> _YOUR OBJECTIVE_
Reproduction of part of the material below, pictures omitted: copy exactly, and only, the lines starting with the one with "μια μεγάλη γιορτή." and going on through the one with "The motif is".

> _DATASET RECORDS_
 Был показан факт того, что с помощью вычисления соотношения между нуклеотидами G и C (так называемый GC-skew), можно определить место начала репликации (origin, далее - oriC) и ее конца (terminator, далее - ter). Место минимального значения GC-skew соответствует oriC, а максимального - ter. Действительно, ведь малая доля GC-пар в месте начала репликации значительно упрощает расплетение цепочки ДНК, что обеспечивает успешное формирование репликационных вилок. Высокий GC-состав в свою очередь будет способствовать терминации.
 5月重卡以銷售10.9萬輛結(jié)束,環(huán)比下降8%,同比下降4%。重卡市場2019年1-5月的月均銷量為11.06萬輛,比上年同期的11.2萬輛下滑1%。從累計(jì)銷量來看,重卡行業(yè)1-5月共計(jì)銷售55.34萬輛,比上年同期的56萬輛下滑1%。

---

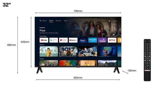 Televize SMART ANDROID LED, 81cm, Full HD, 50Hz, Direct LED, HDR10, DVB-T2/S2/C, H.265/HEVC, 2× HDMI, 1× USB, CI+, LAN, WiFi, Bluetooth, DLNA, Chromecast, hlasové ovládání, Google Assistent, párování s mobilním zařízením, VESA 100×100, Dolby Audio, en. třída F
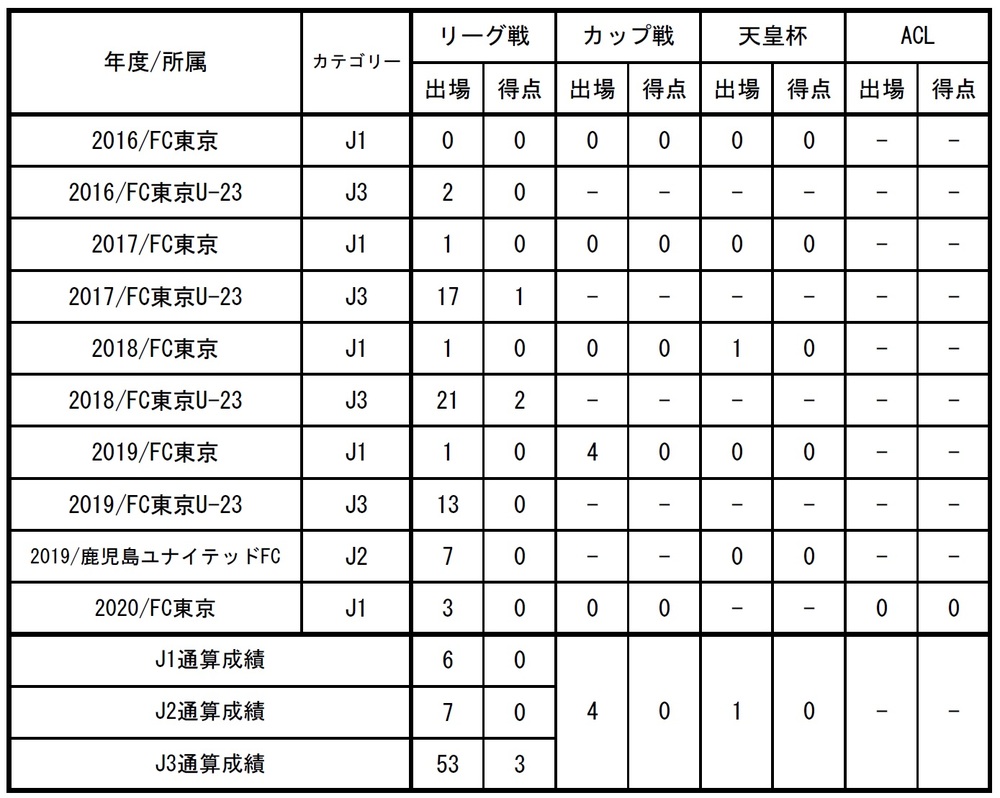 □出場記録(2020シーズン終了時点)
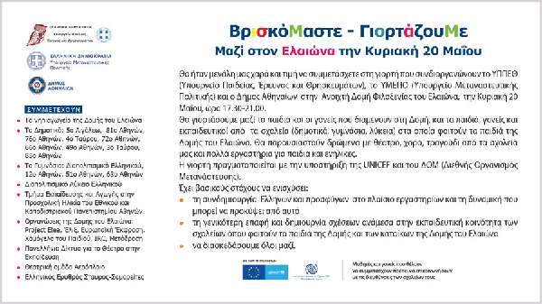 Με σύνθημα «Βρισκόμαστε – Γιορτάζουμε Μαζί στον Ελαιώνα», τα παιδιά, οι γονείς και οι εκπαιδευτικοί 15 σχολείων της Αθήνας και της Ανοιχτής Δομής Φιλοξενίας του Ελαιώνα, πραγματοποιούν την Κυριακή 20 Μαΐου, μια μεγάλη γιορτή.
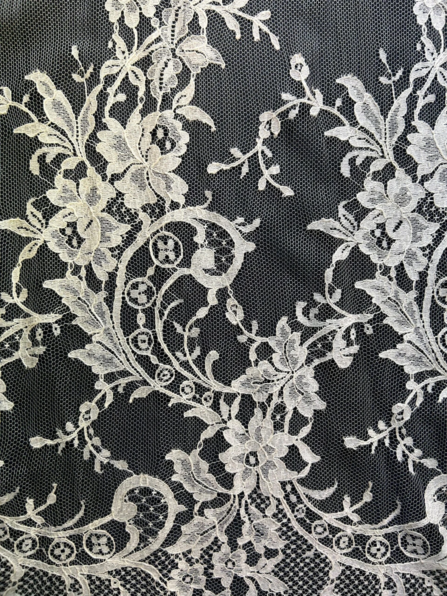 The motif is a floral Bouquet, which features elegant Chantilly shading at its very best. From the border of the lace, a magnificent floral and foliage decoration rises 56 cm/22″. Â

> _ANSWER FOR THE TASK_
 Με σύνθημα «Βρισκόμαστε – Γιορτάζουμε Μαζί στον Ελαιώνα», τα παιδιά, οι γονείς και οι εκπαιδευτικοί 15 σχολείων της Αθήνας και της Ανοιχτής Δομής Φιλοξενίας του Ελαιώνα, πραγματοποιούν την Κυριακή 20 Μαΐου, μια μεγάλη γιορτή.
 The motif is a floral Bouquet, which features elegant Chantilly shading at its very best. From the border of the lace, a magnificent floral and foliage decoration rises 56 cm/22″. Â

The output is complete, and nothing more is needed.